# were do ya hunt?



## billybob7059 (Mar 27, 2005)

So were do ya hunt ducks? I am not asking for the name of your spot but rather what type of spot? I Like to hunt over lakes/ Res. I really like lakes with a wooded shore line to hind in. Were do you take your fowl?


----------



## TexasPete (Apr 26, 2005)

marsh, rivers, ponds, lakes... i do 'em all!


----------



## littleking (Jun 25, 2005)

peteyeh said:


> marsh, rivers, ponds, lakes... i do 'em all!



you sound pretty trashy... s1ut


----------



## Hetfieldinn (May 17, 2004)

I love field hunting. It's a lot easier to set out the dekes, as well as retrieve downed birds.

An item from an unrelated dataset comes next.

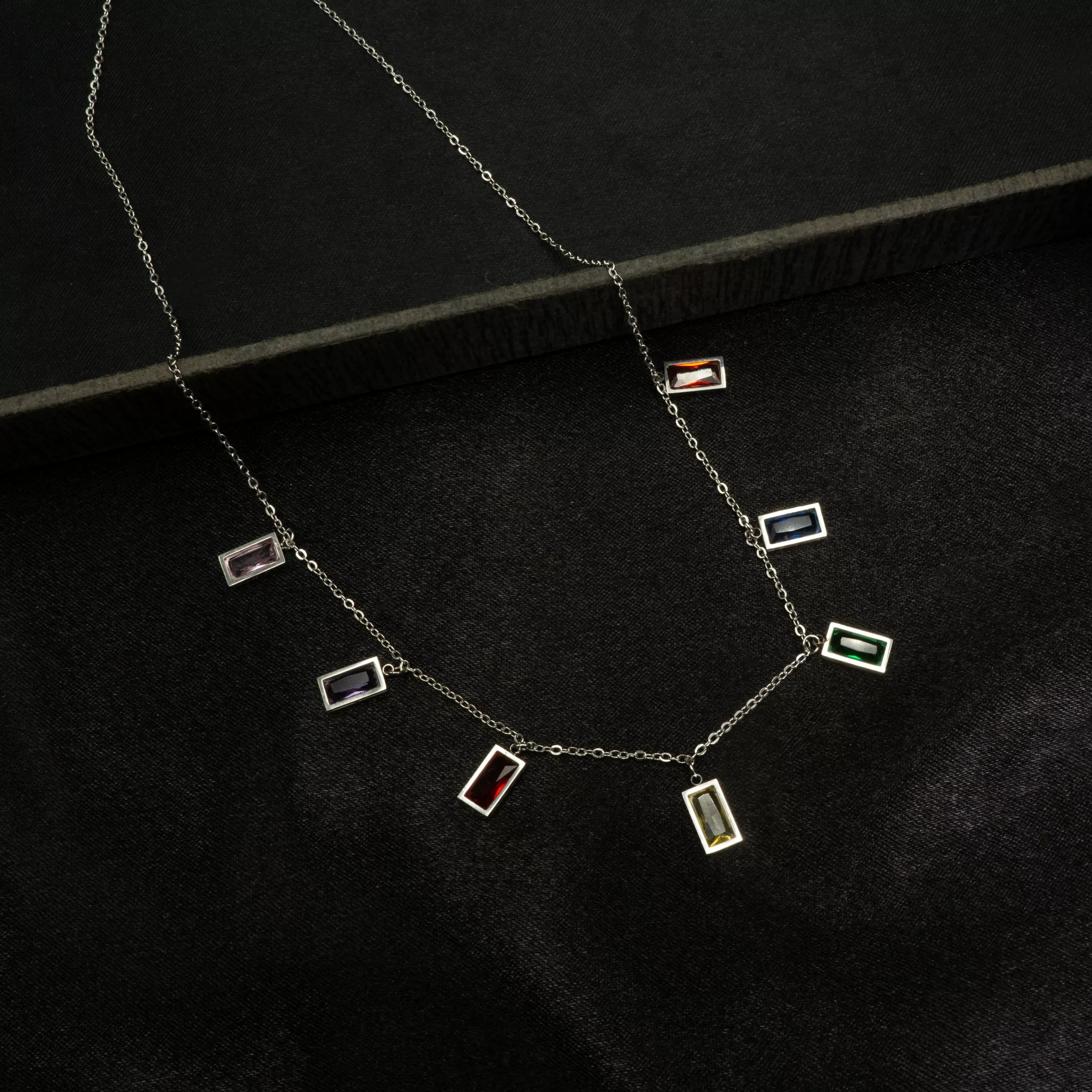 Be the first to review “CH-2308004 – White Gold Plated Multicolor Stones Chain Necklace” Cancel reply
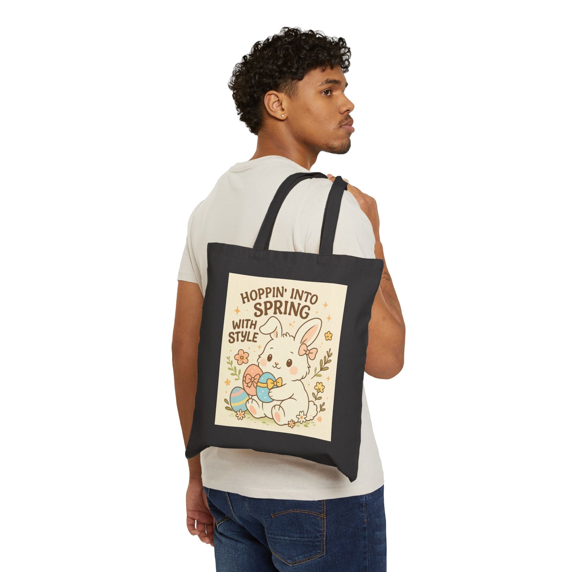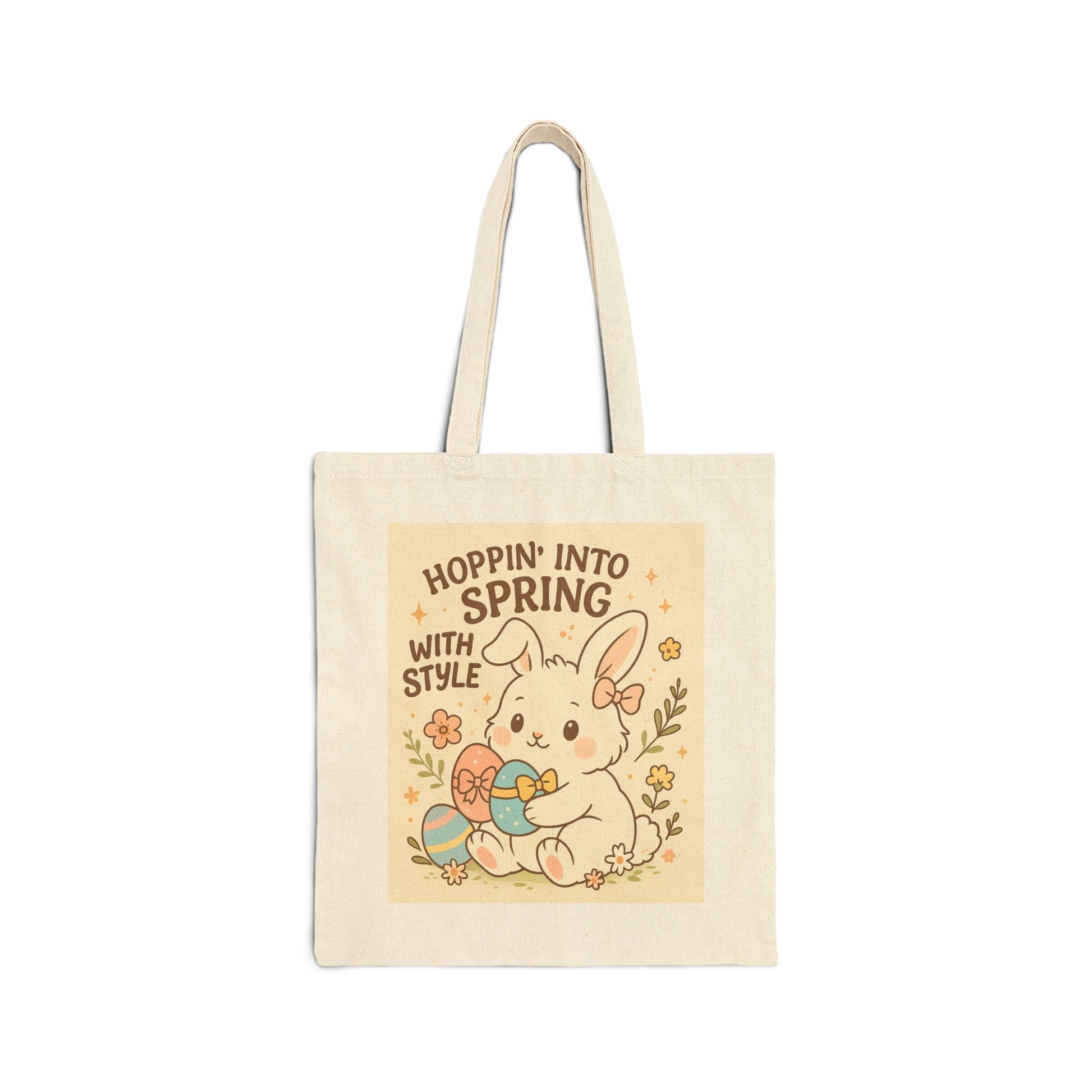 Introducing our delightful Cotton Canvas Tote Bag, designed for the vibrant souls who love to express themselves with charm! This tote features an adorable bunny illustration that radiates joy and energy, making it perfect for springtime outings, picnics, or farmer's market trips. Envelop yourself in its cheerful vibe as you carry your daily essentials with ease. This tote bag is ideal for eco-conscious individuals, animal lovers, or anyone looking to add a splash of whimsy to their sustainable lifestyle. Perfect for holidays like Easter or Earth Day, it makes a thoughtful gift for friends and family celebrating special moments together.

Not that I don't like lake hunting, I hit Mogadore with a buddy a few times a year. But if I had my choice, sit me in the field.


----------



## mojo (Apr 12, 2004)

been to mouillee in michigan, hunt the lake erie shoreline frequently (all along maumee bay), and my buddy's lake up near hillsdale michigan. Hunted metzgers last year frequently but that marsh is practically ruined with the water levels now and it's holding zero birds. It's usually too much of a circus anyways.


----------



## davycrockett (Apr 9, 2005)

Don't waste my time around here unless I'm field hunting honkers. I amfortunate enough to have a buddy who is 15 min. from Erie. We usually do pretty good on the bluebills and cans layout shooting. My first season waterfowling we hunted Metzgers. Like you say Mojo, what a zoo! I'll never do that again. Layout shooting is the way to go!!


----------



## mojo (Apr 12, 2004)

yeah it just sucks they dropped the bill limit to 2 birds. Almost not worth the trouble of driving and setting up. There's always mergs and the other divers though.


----------